A decrease in textural parameter values (specific surface area, pore volume, and average pore diameter) of functionalized samples compared to pristine MSN is also noted (Table 1). The synthesis procedure yielded nanoparticles with high porosity, calculated from nitrogen adsorption/desorption isotherms (Figure 1b). Thus, pristine MSN have a large specific surface area of 977 m2/g and a total pore volume of 1.43 cm3/g, which enabled further modification of their surface with organic groups. Attachment of functional groups through post-synthesis method reduced the specific surface area and pore volume for MSN–NH2 and MSN–COOH carriers to 512 m2/g and 388 m2/g and 0.42 cm3/g and 0.47 cm3/g, respectively. The average pore diameter of the functionalized carriers also decreased compared to that of pristine MSN (4.25 nm) (Figure 1b-inset): 3.18 nm for the MSN–NH2 carrier and 3.66 nm for MSN–COOH. The pore size distribution curve (PSD) of MSN–COOH (magenta curve) is broader than that of pristine MSN and MSN–NH2 (Figure 1b-inset). Furthermore, the PSD curve does not show a unimodal distribution of the pore size, as with the other two silica carriers. This result is consistent with the XRD data for MSN–COOH, indicating an impact of acid hydrolysis on the mesophase structure.

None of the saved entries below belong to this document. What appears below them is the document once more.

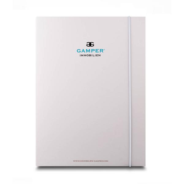 Die Mappe für Immobilien Gamper ist ein Ausdruck höchster Exklusivität und Detailverliebtheit, perfekt für die Präsentation anspruchsvoller Immobilien. Veredelt mit einer Rosegold-Heißfolie, kommt das Logo auf dieser Mappe außergewöhnlich elegant zur Geltung und unterstreicht die Wertigkeit jedes Angebots. Der verwendete Karton besticht durch seine besondere natürliche Haptik, die ein angenehmes Berührungserlebnis schafft. Diese Dreilaschenmappe, sicher verschlossen mit einem stilvollen weißen Gummizug, hält alle wichtigen Unterlagen zu Gewerbe- und Investmentimmobilien geordnet bereit. Immobilien Gamper, bekannt für seine exklusiven Objekte und kundenorientierte Beratung, nutzt diese Mappe, um ihren Kunden Exposés und Angebote auf eine Weise zu überreichen, die Vertrauen schafft und den hohen Qualitätsanspruch des Unternehmens widerspiegelt. Wir als Ihre Druckerei sind Spezialisten für Präsentationsmappen, die besonders sind und Marken-Botschaften hochwertig präsentieren. Wir unterstützen Immobilien Gamper dabei, ihre Positionierung im Premiumsegment durch einzigartige Druckprodukte zu festigen.
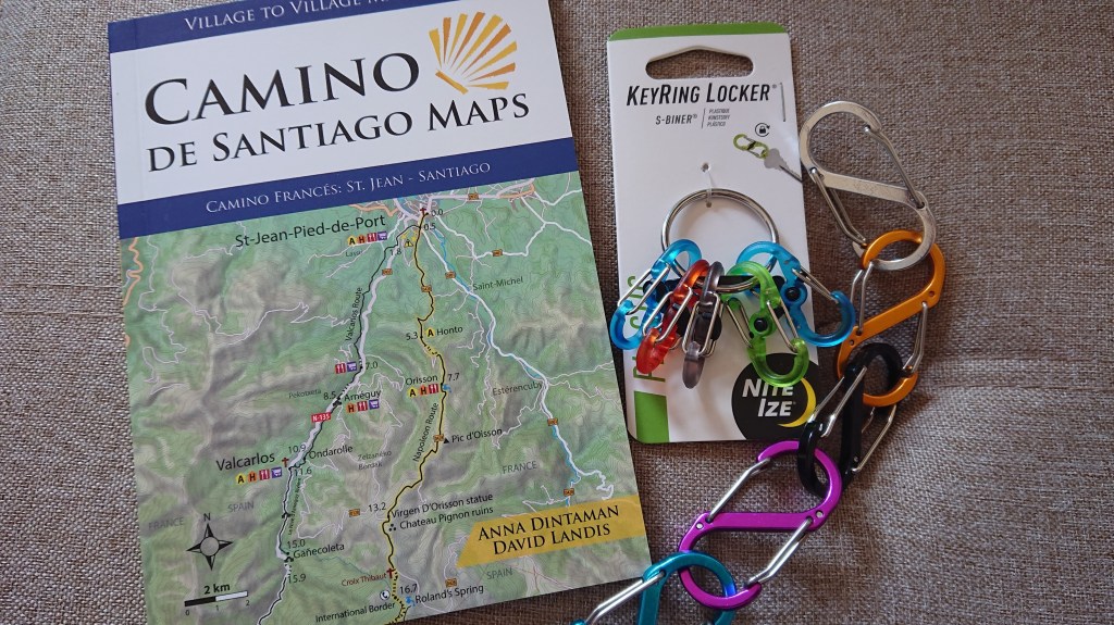 So yesterday, when I was supposed to translate my daily amount of pages so I can have a week+ to do long walks to train and test my kit, I emptied the kit box. I took out all the boxes inside the box and emptied them too. I used the spare covid test bio waste ziplocks to separate knots of safety pins, lots of S-biners, and spare kroner and euros. I used spare airport security liquids ziplocks to organise small piles of toiletries stuff, kitchen and food stuff, shoe and poles stuff. I emptied my first aid kit and restocked it. I found my shell! I used different coloured zipped drybags to separate foot care from sundries and spares. I repacked my toiletries bag, now that I am staying in rooms and won’t need my albergue shower bag set-up, and swapped the old, scratchy child-size hairbrush for a new one I found. I put the topless plastic bottles in the recycling and the old mementoes in a box inside the box. I found stuff I can sell to raise money for my travels. In short: I thoroughly enjoyed myself. And then the post came with more stuff! Mini biners! Who knew?
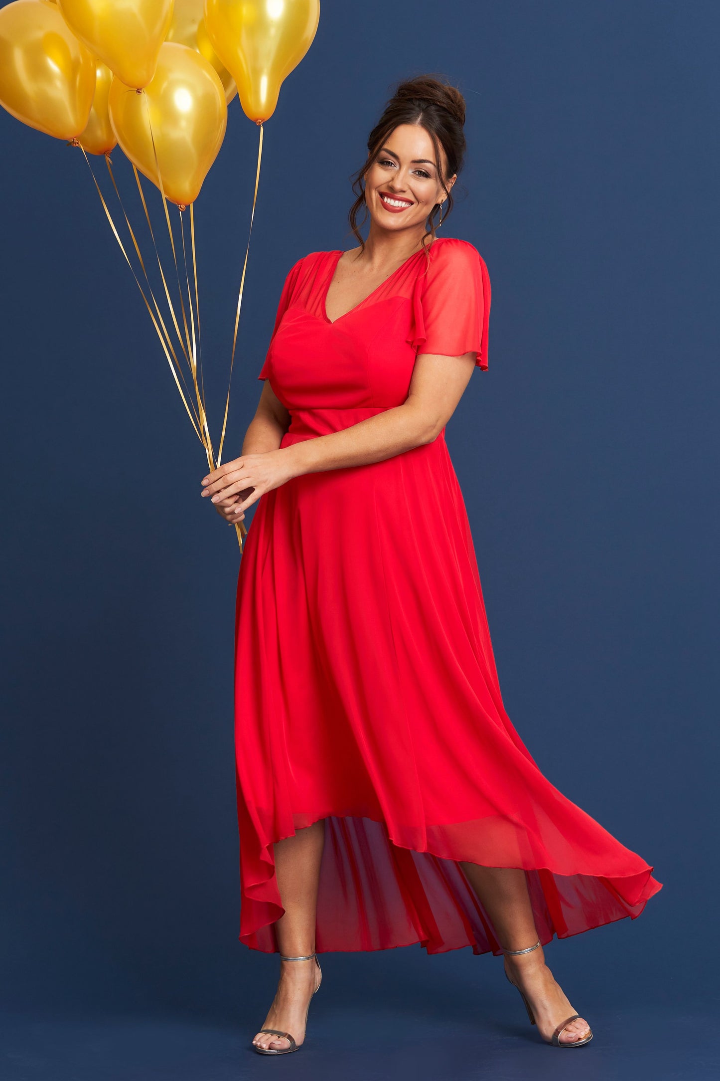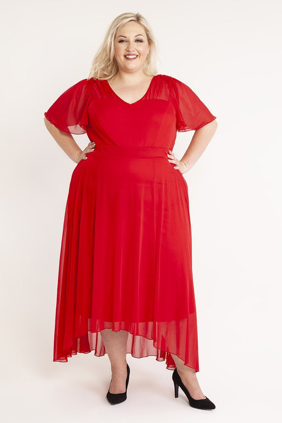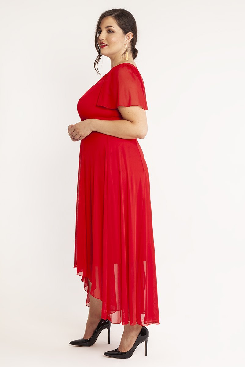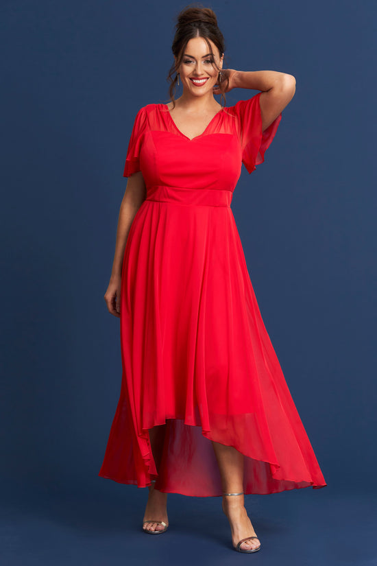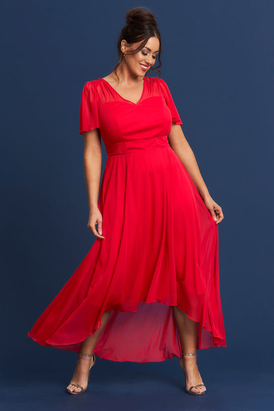 Treat yourself to our gorgeous Tilly Hi-Lo Dress. With sweetheart front detail and a V neckline this stunning dress features a gathered 1940s shoulder line and pretty angel sleeves to give upper arm coverage. Designed with our inbuilt corset magic waistband to give you that unmistakable Scarlett and Jo silhouette so curves are elegantly accentuated and hidden support is provided. The beautiful dress skirt drapes gracefully to the ground with a Hi-Lo effect. Perfect for any social event from wedding guest dress to prom dress to party dress.
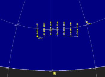 土星 先月衝となった土星は夜空で最も目立つ星。一晩中観望可能。
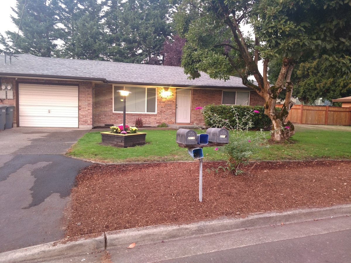 Enjoy Peaceful & quiet, yet centrally located! - 5 minutes away from the Washington State fair, major highways. - 15 minutes to Tacoma Waterfront & restaurants. - 30 min drive to SEA-TAC Airport -NURSES: Good Samaritan-Puyallup 5 min away. Saint Joseph-Tacoma 15 min Away. Tacoma General 20 min. - 5 min. to Sounder Train Station and parking garage. - 2 bedrooms (1 Queen ben, 1 Full Bed) - Full Kitchen - complete dining set and cookware - Wi-Fi - Washer & Dryer - Private Backyard – Fully Fenced
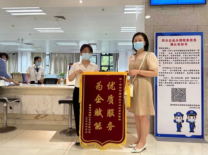 群眾為企業開辦窗口送來錦旗,感謝窗口優質熱情服務。林婧 供圖
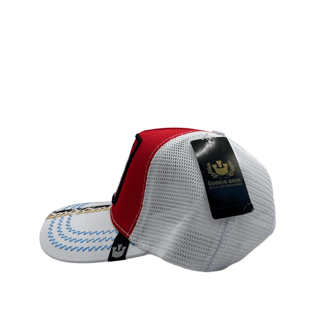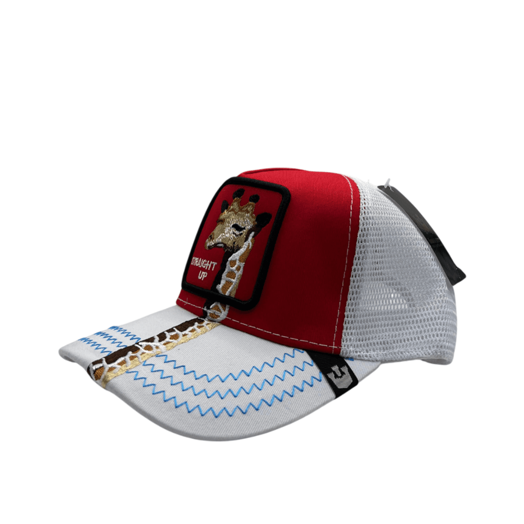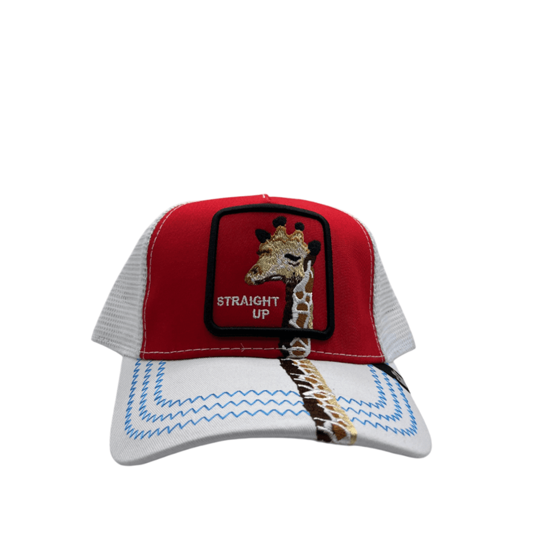 • A stylish and unique cap featuring a bold red and white design. It showcases an embroidered giraffe with the phrase “STRAIGHT UP”, adding a trendy touch. The mesh back ensures ventilation, making it perfect for casual and everyday wear.
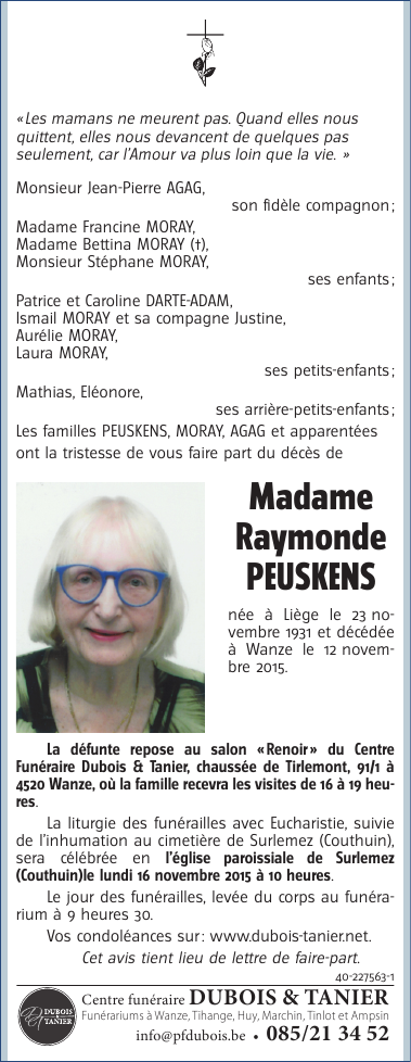 Décédée à Wanze (4520) le jeudi 12 novembre 2015 à l'âge de 83 ans
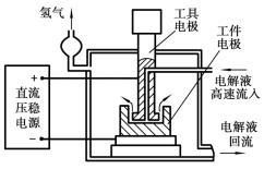 電解加工用直流穩(wěn)壓電源的工作電壓為6~24 V,工作電流為500~20 000 A。工具電極常用黃銅和不銹鋼等材料。用得較多的電解液是氯化鈉、硝酸鈉和氯酸鈉的水溶液。
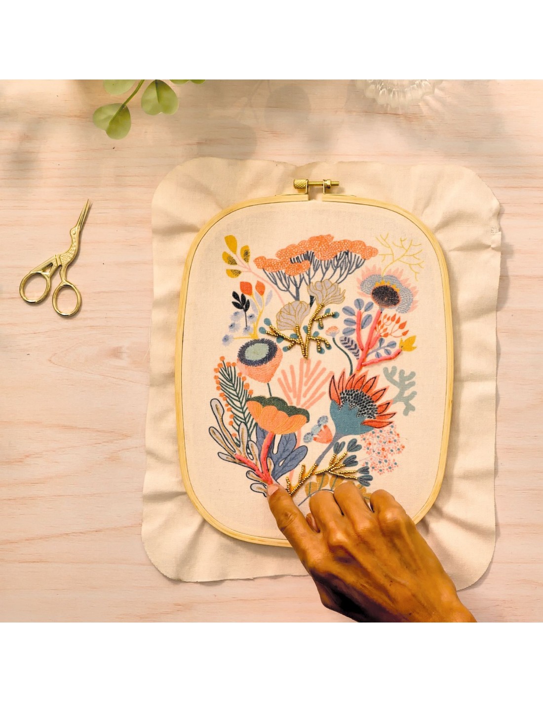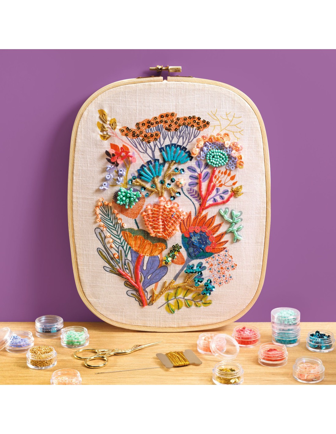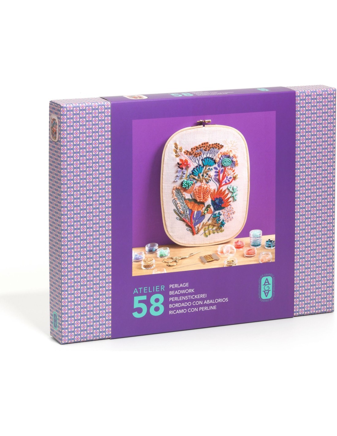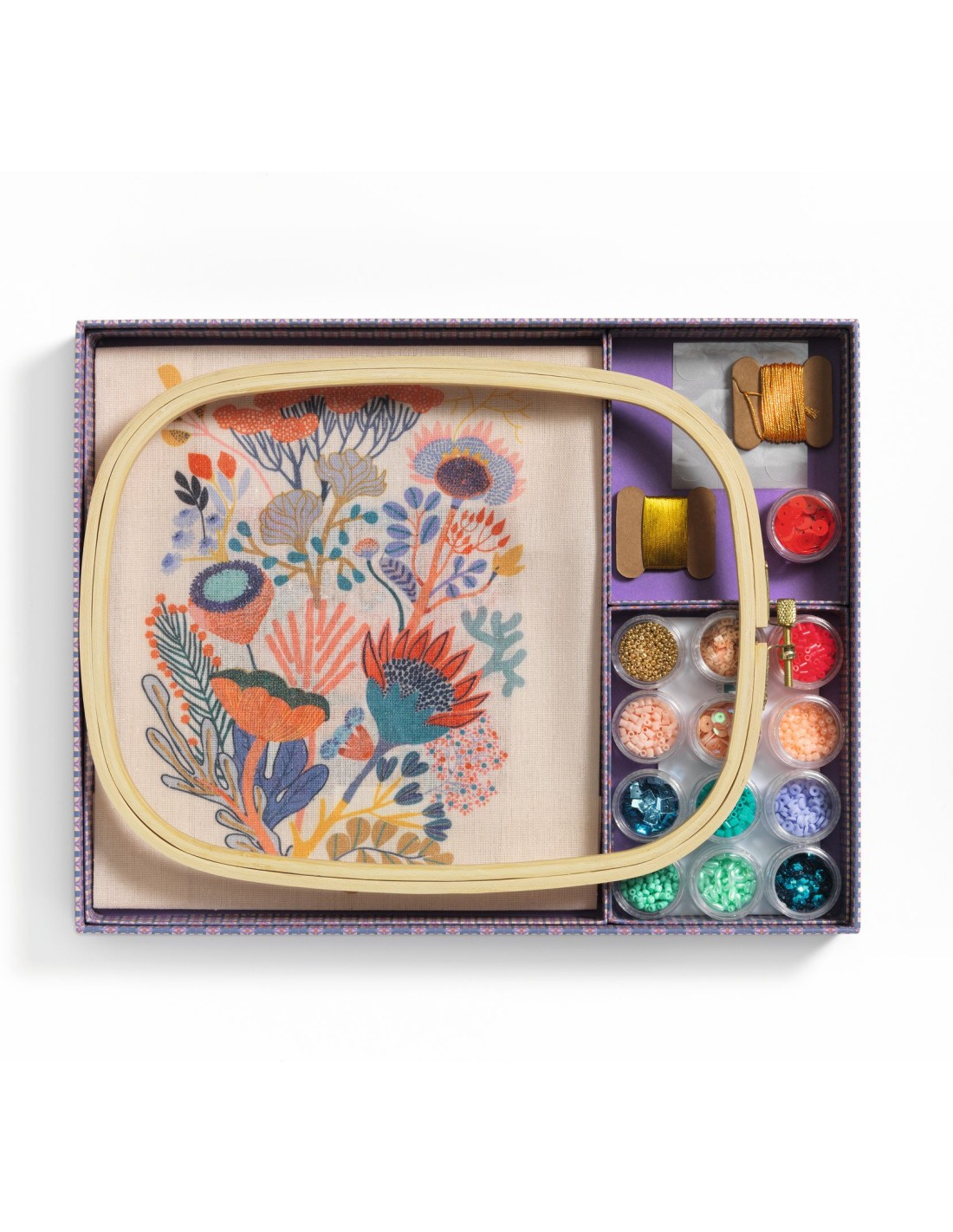 Contenu : 1 tambour de broderie en bois 1 toile imprimée 1 paire de ciseaux de broderie 13 boîtes de perles et sequins 1 tapis d'enfilage 23 aiguilles 1 passe-fil 2 bobines de fil doré 1 modèle à suivre Un dépliant et une carte avec QR code menant à une vidéo tuto pour découvrir l’activité
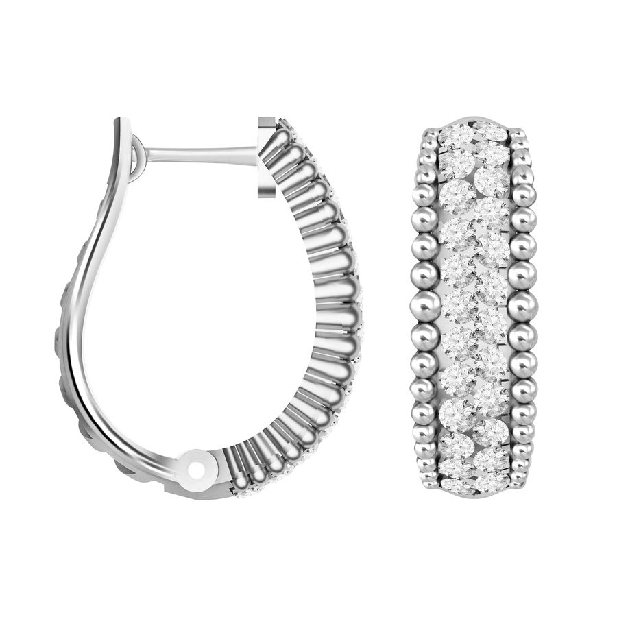 LADIES HOOP EARRINGS 1.00CT ROUND DIAMOND 10K WHITE GOLD
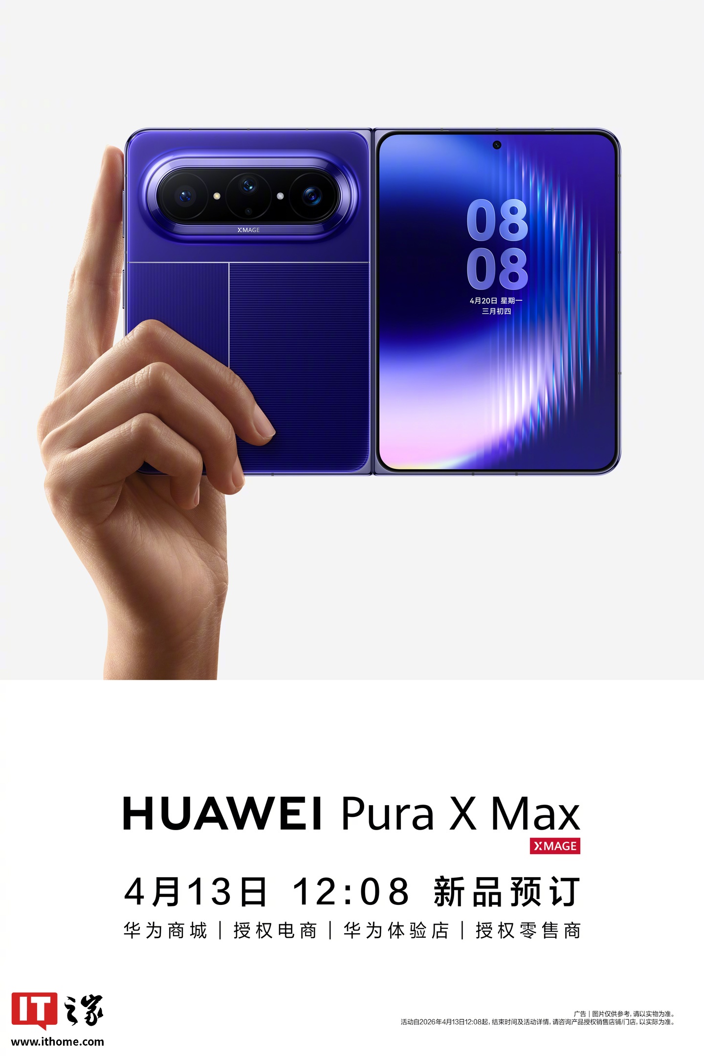 IT之家 4 月 13 日消息,行业首款横向阔折叠手机 —— 华为 Pura X Max 已于今日早些时候正式亮相并开启预订,新机还同时定档 4 月 20 日发布。
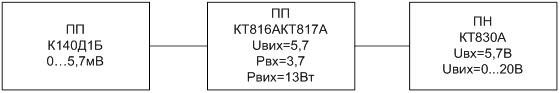 Рисунок 5 – Детальна структурна схема ПП – первинний перетворювач, призначений для перетворення струму у напругу. Схема віднімання основана на ОП К140Д1Б. Межі вихідної напруги 0...5,7В. ПП – підсилювач потужності, використовується для забезпечення потужності на навантаженні. Оснований на БТ КТ816А і КТ817А. ПН – підсилювач напруги, призначений для підсилення величини вихідного сигналу по напрузі до 20В. Таким чином на виході даного каскаду отримуємо напругу 0...20В. Оснований на транзисторі КТ830А Закінчивши попередню розробку структурної схеми, маємо схему, розбиту на декілька каскадів, внаслідок чого, для кожного з каскадів зроб-лений попередній розрахунок. Тобто визначені динамічні діапазони, коефі-цієнти підсилення, максимальні значення струмів, напруг, потужностей, вибрані згідно розрахункам операційні підсилювачі, транзистори. Принцип роботи перетворювача заключається у наступному. Генератор імпульсів виробляє сигнал, що подається на вхід ОП, після його перетворення він потрапляє на каскад підсилення потужності, а згодом і в каскад підсилення напруги. Так як з ОП напруга виходить досить малою то виникає необхідність її підсилення по напрузі та стабілізації та підсилення по потужності, саме тому у схемі і використовуємо підсилювачі напруги та потужності що побудовані на транзисторах. 3. Електричні розрахунки 3.1 Електричний розрахунок підсилювача потужності Електричний розрахунок виконуємо за допомогою електричної принципової схеми , яка зображена на рисунку 6.
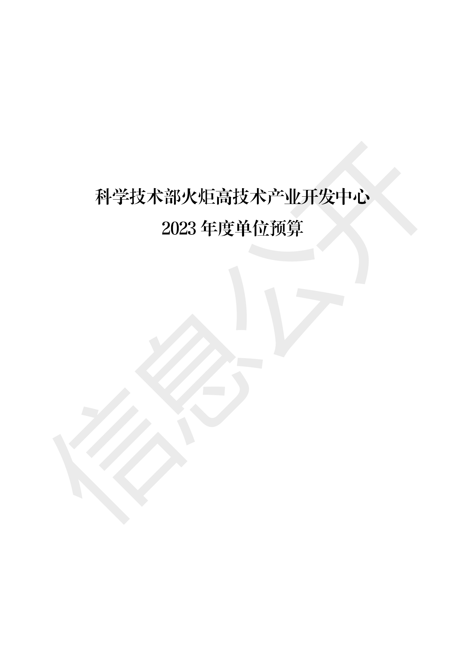 科学技术部火炬高技术产业开发中心2023年度单位预算
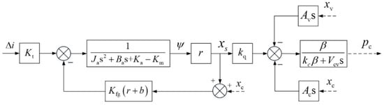 The control block diagram from the buildup pressure pc to the main valve spool displacement xv can be obtained as shown in Figure 21.

The content of functional groups was determined from thermogravimetric analysis (Figure 2 and Table 1), disregarding the mass loss up to 100 °C, corresponding to the first endothermic event, which is assigned to physically adsorbed water on the silica surface of the mesoporous carriers. The mass loss between 100 °C and 650 °C was attributed to the thermal decomposition of the organic groups grafted on the surface of the silica. The content of organic functional groups (FG) on silica surface is listed in Table 1.
The morphology of MSN was assessed by SEM and TEM. The acquired SEM image (Figure 3a) shows that the nanoparticles have a spherical shape and uniform dimensions. The diameter of the nanoparticles was determined from SEM images by measuring at least 100 nanoparticles, and the average diameter was 105 ± 13 nm. The TEM image (Figure 3b) revealed more details of the nanostructure of the mesoporous carriers. The well-defined spherical nanoparticles present a mesopore array consisting of worm-like and cylindrical channels, consistent with the XRD results (Figure 1a).
Successful functionalization of MSN with organic moieties was demonstrated by FTIR spectroscopy (Figure 4). All carriers show the vibrations of physically adsorbed water molecules (1634 cm−1) and the vibration bands specific to the silica matrix: symmetric and asymmetrical stretching vibrations of the Si-O-Si bond (800 cm−1 and 1086 cm−1, respectively), Si-OH stretching vibrations (966 cm−1), Si-O symmetric bending vibration (468 cm−1), and the wide band corresponding to O-H stretching vibrations (2700–3800 cm−1). The characteristic vibrations of the functional groups grafted on the silica surface are observed: bending and wagging vibrations of the amine group (1502 cm−1 and 692 cm−1, respectively) and the carbonyl stretching vibration of the carboxylic acid group (1716 cm−1). The complete hydrolysis of the nitrile group to carboxylic moiety is confirmed by replacement of the nitrile band (2260 cm−1) identified in the MSN–CN spectrum with the C=O stretching vibration (1716 cm−1) in the MSN–COOH spectrum (Figure 4).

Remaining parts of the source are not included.